Work instructions:
Copy each line below as written, but skip the pictures.

Data block:

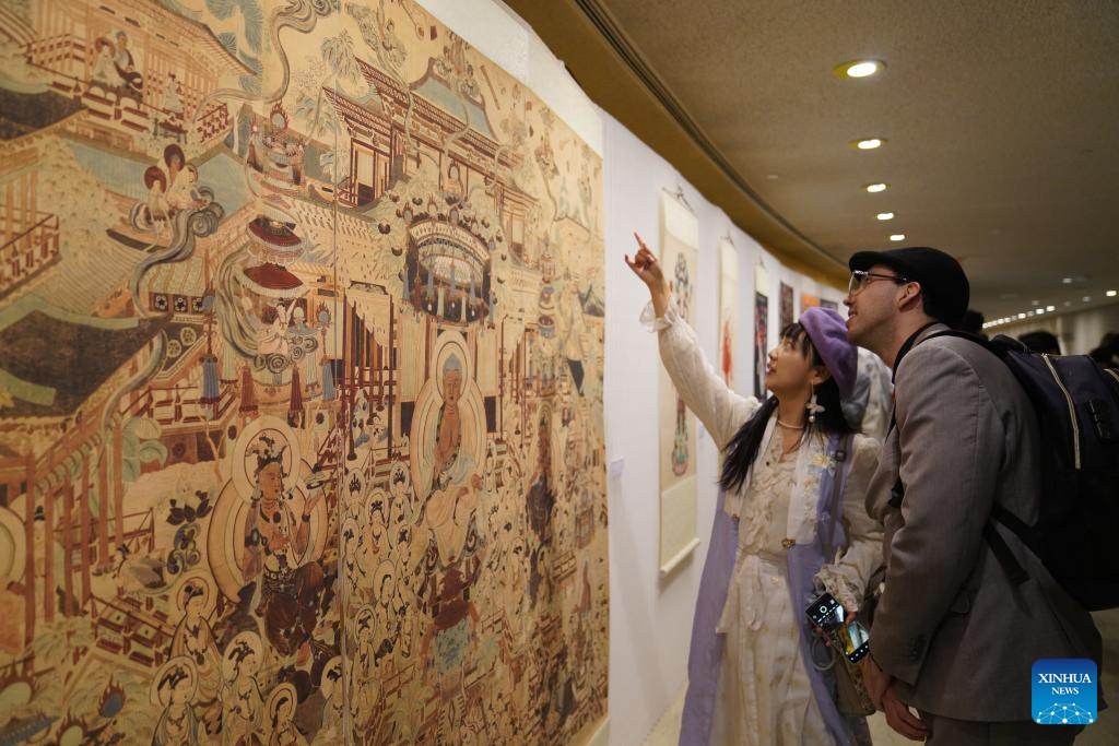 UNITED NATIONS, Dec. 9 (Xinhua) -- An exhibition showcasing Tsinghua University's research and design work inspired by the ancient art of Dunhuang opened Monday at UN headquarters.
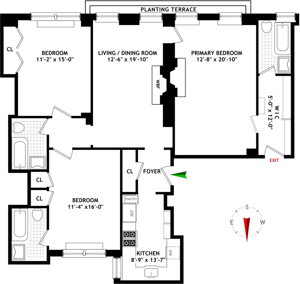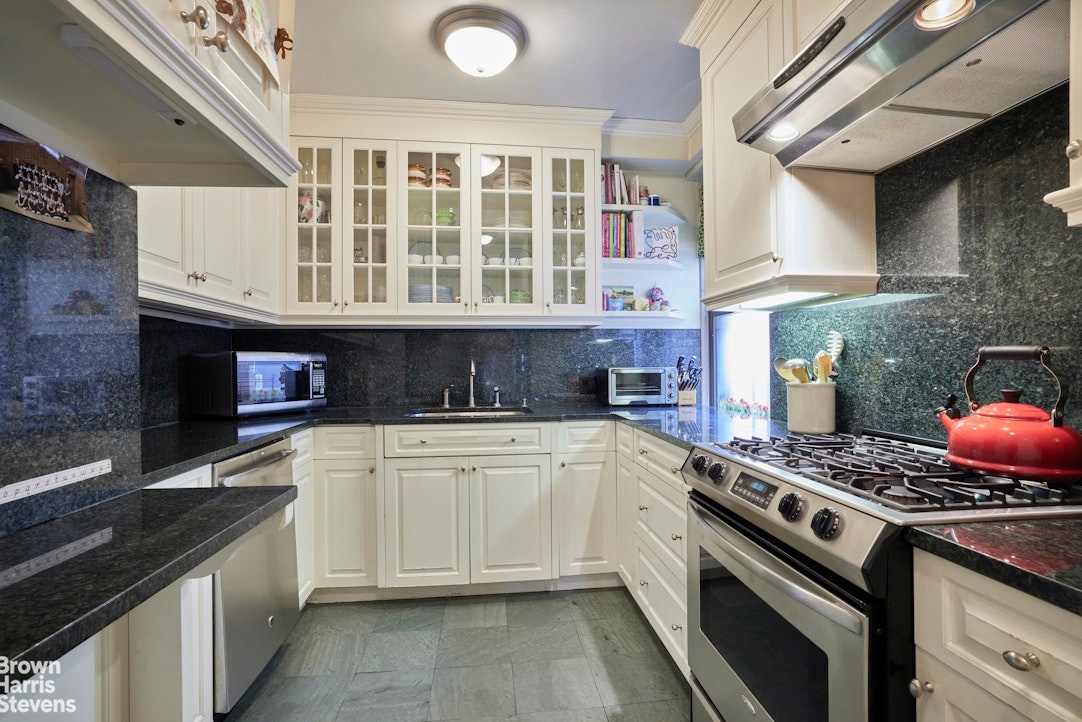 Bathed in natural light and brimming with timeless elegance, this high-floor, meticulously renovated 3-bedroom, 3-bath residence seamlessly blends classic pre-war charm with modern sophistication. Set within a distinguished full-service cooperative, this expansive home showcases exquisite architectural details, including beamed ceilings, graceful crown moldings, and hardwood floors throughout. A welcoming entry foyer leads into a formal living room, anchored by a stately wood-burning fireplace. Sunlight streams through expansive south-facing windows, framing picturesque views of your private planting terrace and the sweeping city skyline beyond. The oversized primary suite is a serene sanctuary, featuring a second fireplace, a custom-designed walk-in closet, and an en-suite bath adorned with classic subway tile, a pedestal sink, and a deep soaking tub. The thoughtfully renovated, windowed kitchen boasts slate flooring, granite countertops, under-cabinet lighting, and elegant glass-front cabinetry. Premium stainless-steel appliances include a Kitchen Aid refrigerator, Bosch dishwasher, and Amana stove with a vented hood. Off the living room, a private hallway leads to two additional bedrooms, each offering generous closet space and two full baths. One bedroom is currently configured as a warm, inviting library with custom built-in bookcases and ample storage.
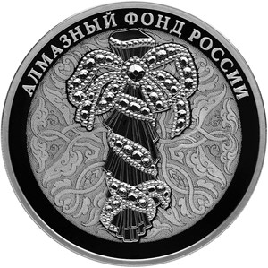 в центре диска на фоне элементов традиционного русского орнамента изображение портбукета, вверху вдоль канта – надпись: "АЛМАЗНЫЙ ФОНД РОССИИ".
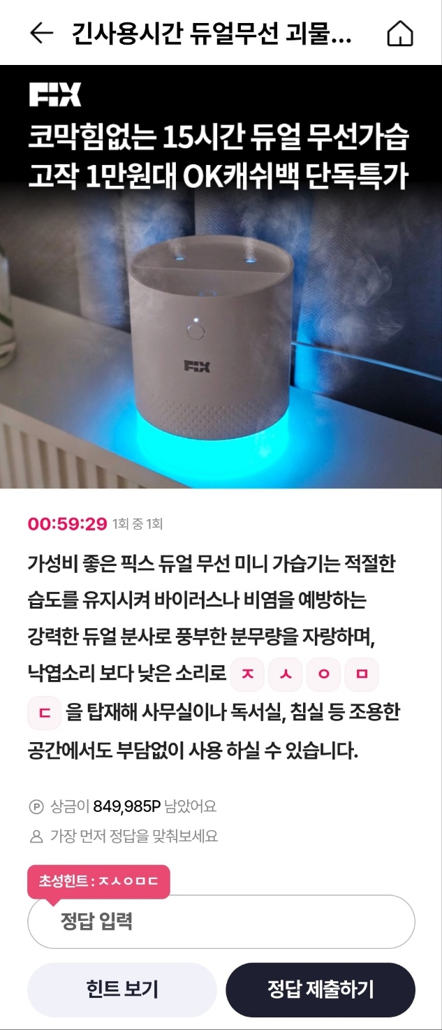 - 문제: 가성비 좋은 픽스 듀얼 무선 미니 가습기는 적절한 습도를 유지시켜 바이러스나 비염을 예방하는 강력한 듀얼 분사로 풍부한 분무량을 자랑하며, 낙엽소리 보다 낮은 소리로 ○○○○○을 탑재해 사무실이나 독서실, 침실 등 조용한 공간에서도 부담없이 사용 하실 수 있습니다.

Response area:
 UNITED NATIONS, Dec. 9 (Xinhua) -- An exhibition showcasing Tsinghua University's research and design work inspired by the ancient art of Dunhuang opened Monday at UN headquarters.
 Bathed in natural light and brimming with timeless elegance, this high-floor, meticulously renovated 3-bedroom, 3-bath residence seamlessly blends classic pre-war charm with modern sophistication. Set within a distinguished full-service cooperative, this expansive home showcases exquisite architectural details, including beamed ceilings, graceful crown moldings, and hardwood floors throughout. A welcoming entry foyer leads into a formal living room, anchored by a stately wood-burning fireplace. Sunlight streams through expansive south-facing windows, framing picturesque views of your private planting terrace and the sweeping city skyline beyond. The oversized primary suite is a serene sanctuary, featuring a second fireplace, a custom-designed walk-in closet, and an en-suite bath adorned with classic subway tile, a pedestal sink, and a deep soaking tub. The thoughtfully renovated, windowed kitchen boasts slate flooring, granite countertops, under-cabinet lighting, and elegant glass-front cabinetry. Premium stainless-steel appliances include a Kitchen Aid refrigerator, Bosch dishwasher, and Amana stove with a vented hood. Off the living room, a private hallway leads to two additional bedrooms, each offering generous closet space and two full baths. One bedroom is currently configured as a warm, inviting library with custom built-in bookcases and ample storage.
 в центре диска на фоне элементов традиционного русского орнамента изображение портбукета, вверху вдоль канта – надпись: "АЛМАЗНЫЙ ФОНД РОССИИ".
 - 문제: 가성비 좋은 픽스 듀얼 무선 미니 가습기는 적절한 습도를 유지시켜 바이러스나 비염을 예방하는 강력한 듀얼 분사로 풍부한 분무량을 자랑하며, 낙엽소리 보다 낮은 소리로 ○○○○○을 탑재해 사무실이나 독서실, 침실 등 조용한 공간에서도 부담없이 사용 하실 수 있습니다.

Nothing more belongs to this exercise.